Another aspect of competition advocacy can be seen in Section 49 of the Competition Act, 2002 of India which gives an advocacy role to the Competition Commission. Under this section, the government may make a reference to the commission for its opinion on the possible effect on competition of a policy or law and the commission is required to give its opinion.
There are certain special aspects like allocative efficiency, greater good of greater numbers, consumer sovereignty, equality of opportunity, and freedom to trade which are sacrosanct and any infringement is to be seriously viewed. There maybe different situations and each one has to be handled in a fair and reasonable manner, and thus a same approach may not be adopted in every matter.

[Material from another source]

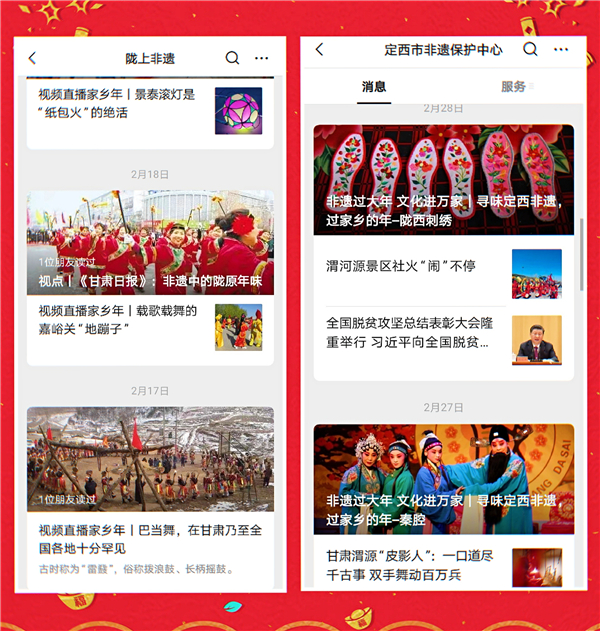 活動前期,根據文旅部文件要求,甘肅省遴選了10個非遺項目作為重點展示內容。後在各地的廣泛參與下,活動範圍擴大到全省各市(州)縣(區)的多個非遺項目。近40天的活動時間裡,蘭州太平鼓、慶陽王錄「拉板糖」、隴東(崇信)民歌、舟曲東山轉燈、文縣麻晝舞等280餘個非遺項目也加入進來,自行開展線上展示展演活動。「非遺過大年 文化進萬家」活動的開展,對甘肅省多個非遺項目進行了全方位、多層次的宣傳,讓人民群眾在疫情防控常態化背景下感受到濃濃的家的味道、年的味道,提高了甘肅省非遺項目的可見度和影響力。

The relationship between competitive markets and democracy is also evident here, as the nature of market mechanism is judged by its allocative efficiency in the same manner as democratic institutions are judged by the degree of equity they create. It may also be said that the concepts of consumer sovereignty in economic literature and voter rights in democracy have the same philosophical source.
xi. Democratic Principles
The basic tenets of a democracy and of market competition are ingrained in the same value system, i.e., the pillars of public interest, common good, welfare and prevention of practices that result in common detriment. The goals of democracy and market competition are similar in many respects and the most important among them are freedom of individual choice, abhorrence of concentration of power, decentralized decision making, and adherence to rule of law.
Competitive markets and democratic governments can therefore be considered complementary in correcting market imperfections. They need to interact in a manner that maximizes the larger public interest and such an interaction would be the most ideal relationship for achieving the above stated goals.

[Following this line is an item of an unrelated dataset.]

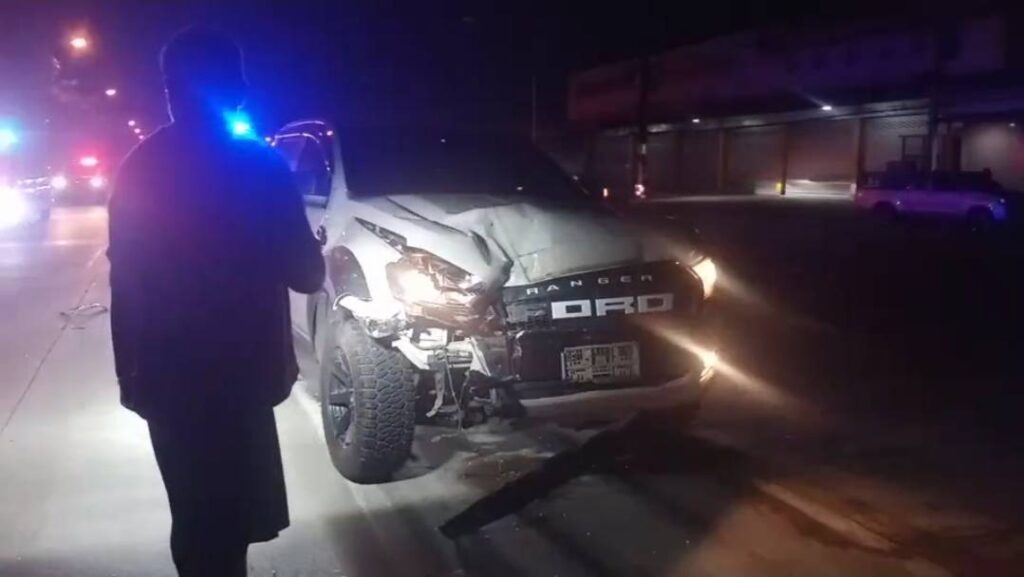 ​ใกล้กันพบรถคู่กรณีเป็นรถกระบะสี่ประตู ยี่ห้อฟอร์ด เรนเจอร์ สีขาว สภาพด้านหน้าพังเสียหายอย่างหนัก กันชนหลุดและฝากระโปรงยุบตัวลงมา

The aims of the national competition policy are to a certain extent similar to those of the welfare state principles like preservation of the competitive process, encouragement of competition in the domestic market, optimization of efficiency, maximization of consumer welfare, and most importantly, harmonization of social justice with economic growth.
Competition law is a unique law as it stresses the necessity of protecting the process of competition and also refers to the broader political and social policy goals. It aims to strike a balance between unrestrained interaction of competitive forces and the preservation of our democratic, political and social institutions. This balance is essential for the co-achievement of economic goals such as lowest prices, highest quality, greatest material progress and of social goals like consumer welfare, self reliance, optimum allocation etc. which are interrelated by their very nature. Thus, it can be said that competition law is an inevitable medium of regulation that caters to the modern market needs and also tries to reconcile personal and public interest without causing any unreasonable harm to either.